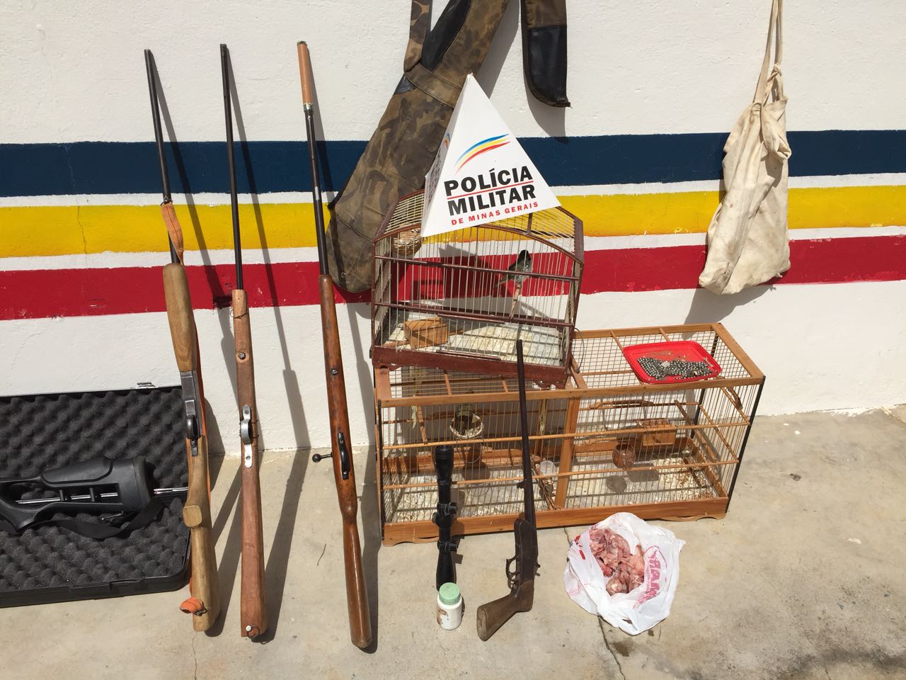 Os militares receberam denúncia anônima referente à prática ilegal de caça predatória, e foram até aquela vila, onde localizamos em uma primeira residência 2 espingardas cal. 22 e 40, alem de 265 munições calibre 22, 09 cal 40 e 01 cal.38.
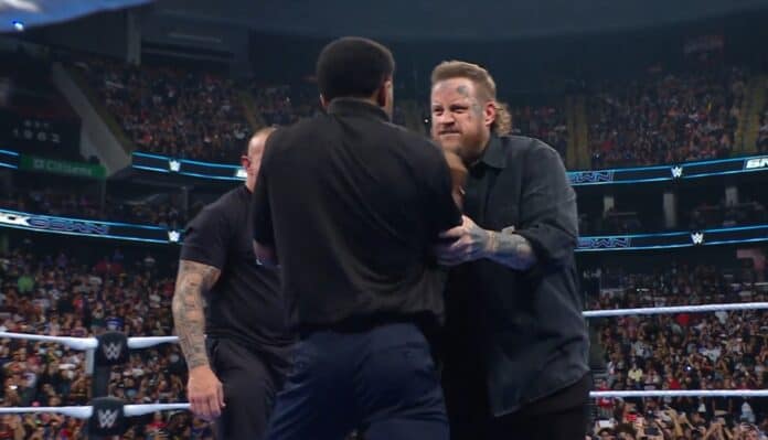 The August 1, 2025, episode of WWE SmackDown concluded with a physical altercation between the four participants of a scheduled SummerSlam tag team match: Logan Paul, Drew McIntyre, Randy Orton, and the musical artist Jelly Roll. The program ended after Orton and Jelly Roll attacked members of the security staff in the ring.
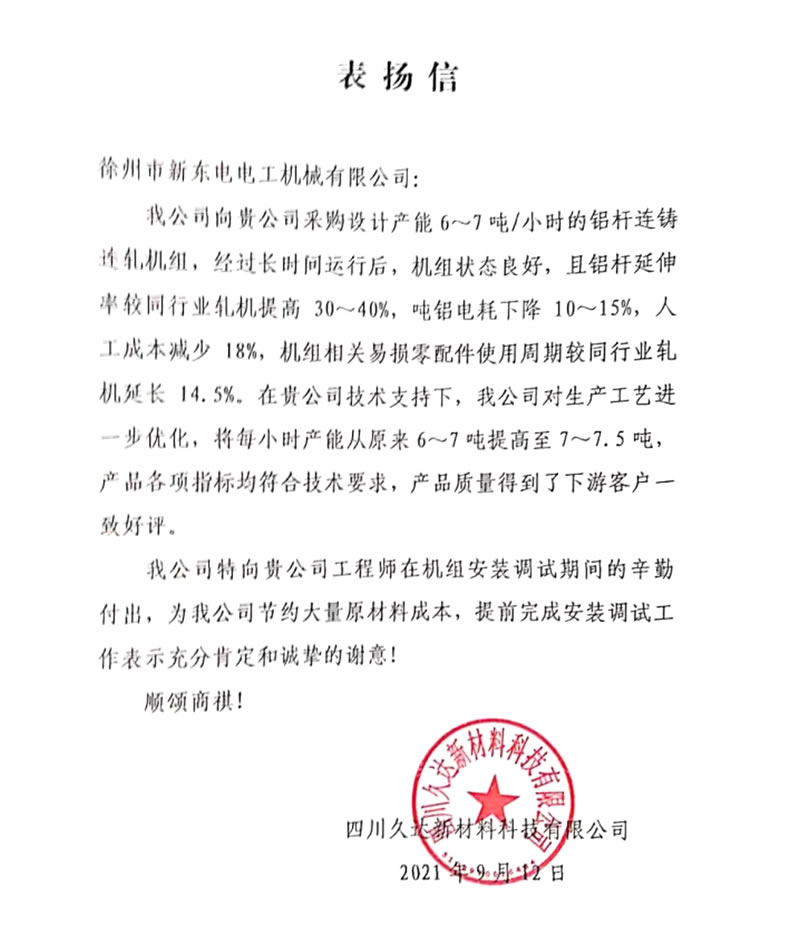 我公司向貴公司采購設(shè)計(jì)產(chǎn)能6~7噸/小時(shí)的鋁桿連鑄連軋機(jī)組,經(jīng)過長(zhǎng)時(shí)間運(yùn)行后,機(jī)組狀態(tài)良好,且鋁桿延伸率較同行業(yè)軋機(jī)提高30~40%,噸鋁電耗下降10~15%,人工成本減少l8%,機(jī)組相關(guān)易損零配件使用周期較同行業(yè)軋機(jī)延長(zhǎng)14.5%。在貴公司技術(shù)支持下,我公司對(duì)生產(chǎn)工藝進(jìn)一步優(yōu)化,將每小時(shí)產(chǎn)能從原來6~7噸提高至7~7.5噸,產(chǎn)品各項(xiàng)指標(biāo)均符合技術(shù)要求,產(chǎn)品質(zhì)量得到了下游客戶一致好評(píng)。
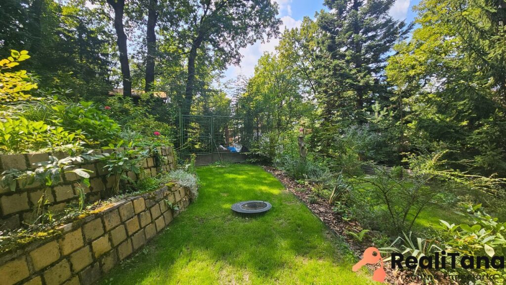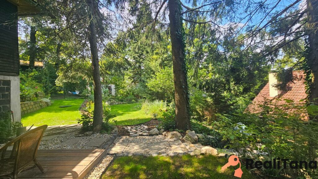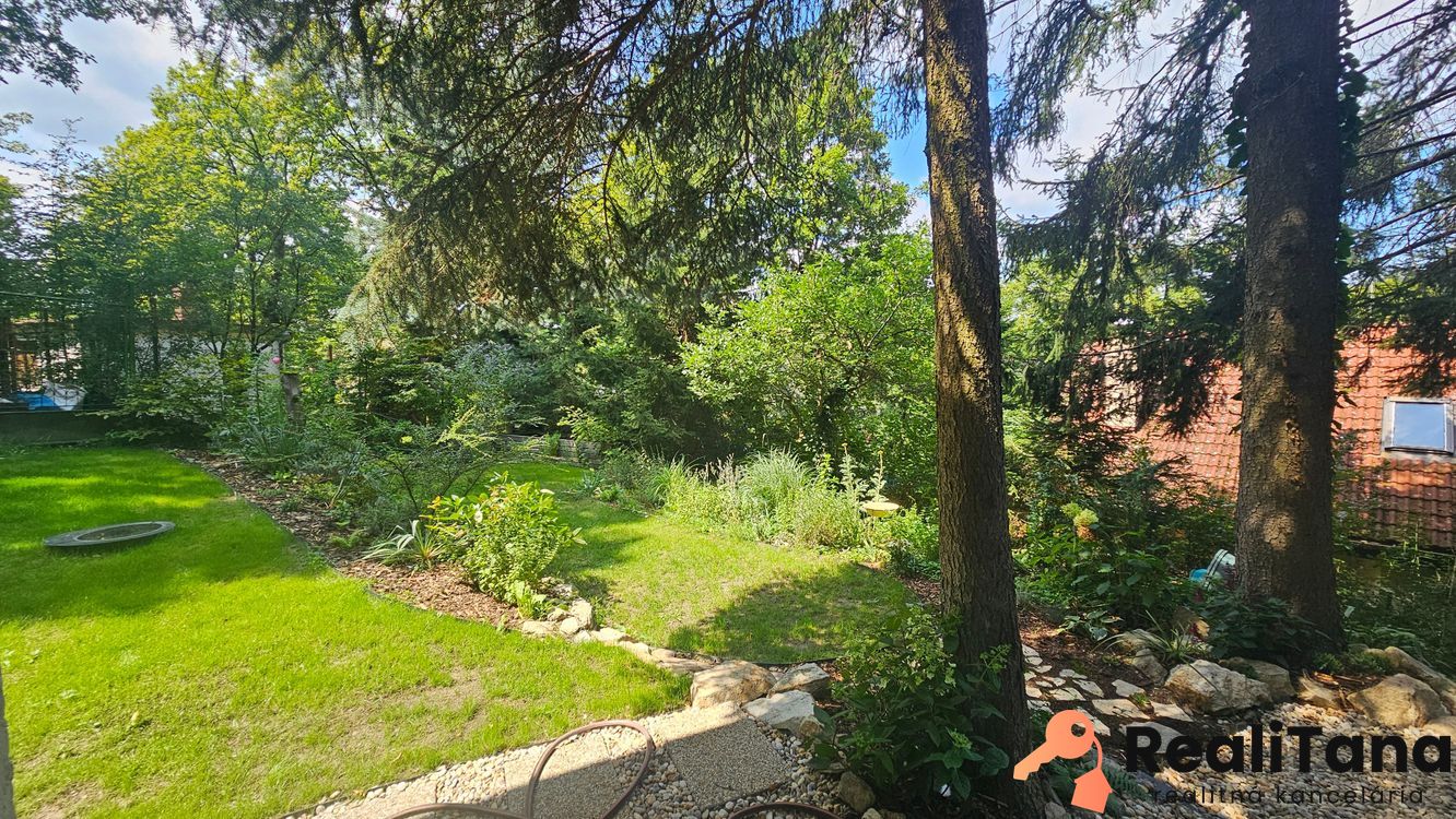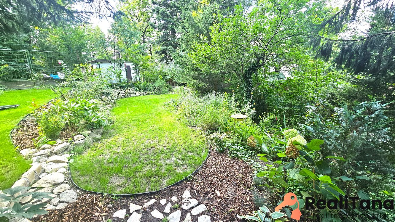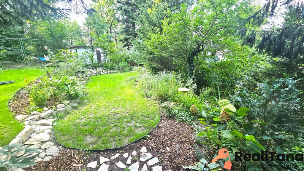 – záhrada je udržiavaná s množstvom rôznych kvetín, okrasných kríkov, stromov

====

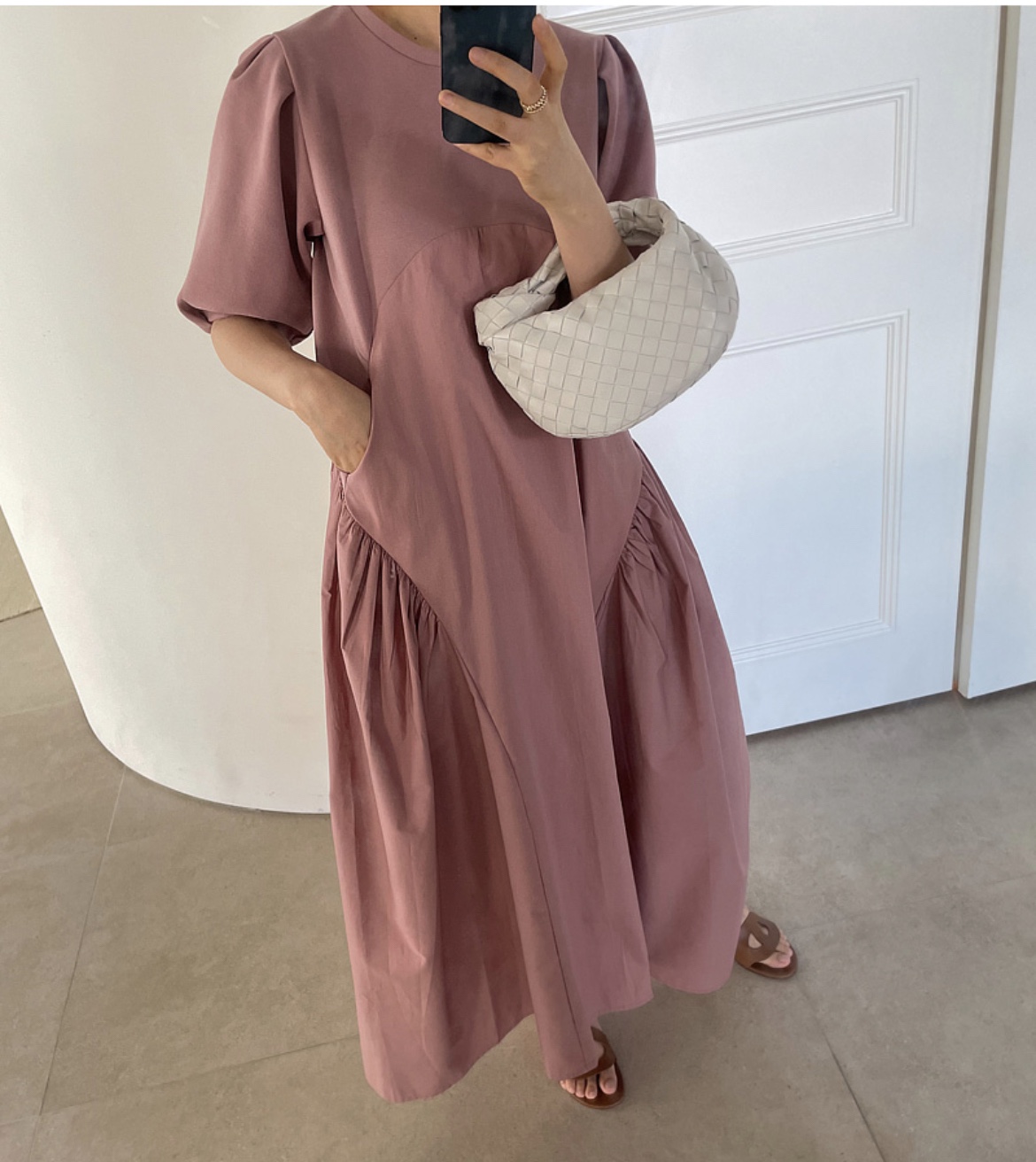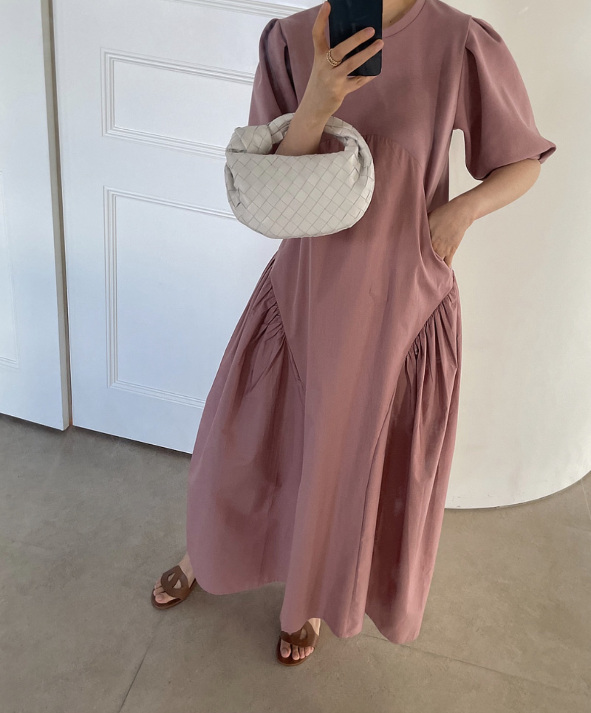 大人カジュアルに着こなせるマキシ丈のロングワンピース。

====

Nothing but the lines above, starting at the line that contains "我公司向貴公司采購設(shè" and ending at the line that contains "okrasných kríkov, stromov", should be given again, exactly and without the pictures.

■ **RESPONSE AREA**:
 我公司向貴公司采購設(shè)計(jì)產(chǎn)能6~7噸/小時(shí)的鋁桿連鑄連軋機(jī)組,經(jīng)過長(zhǎng)時(shí)間運(yùn)行后,機(jī)組狀態(tài)良好,且鋁桿延伸率較同行業(yè)軋機(jī)提高30~40%,噸鋁電耗下降10~15%,人工成本減少l8%,機(jī)組相關(guān)易損零配件使用周期較同行業(yè)軋機(jī)延長(zhǎng)14.5%。在貴公司技術(shù)支持下,我公司對(duì)生產(chǎn)工藝進(jìn)一步優(yōu)化,將每小時(shí)產(chǎn)能從原來6~7噸提高至7~7.5噸,產(chǎn)品各項(xiàng)指標(biāo)均符合技術(shù)要求,產(chǎn)品質(zhì)量得到了下游客戶一致好評(píng)。
 – záhrada je udržiavaná s množstvom rôznych kvetín, okrasných kríkov, stromov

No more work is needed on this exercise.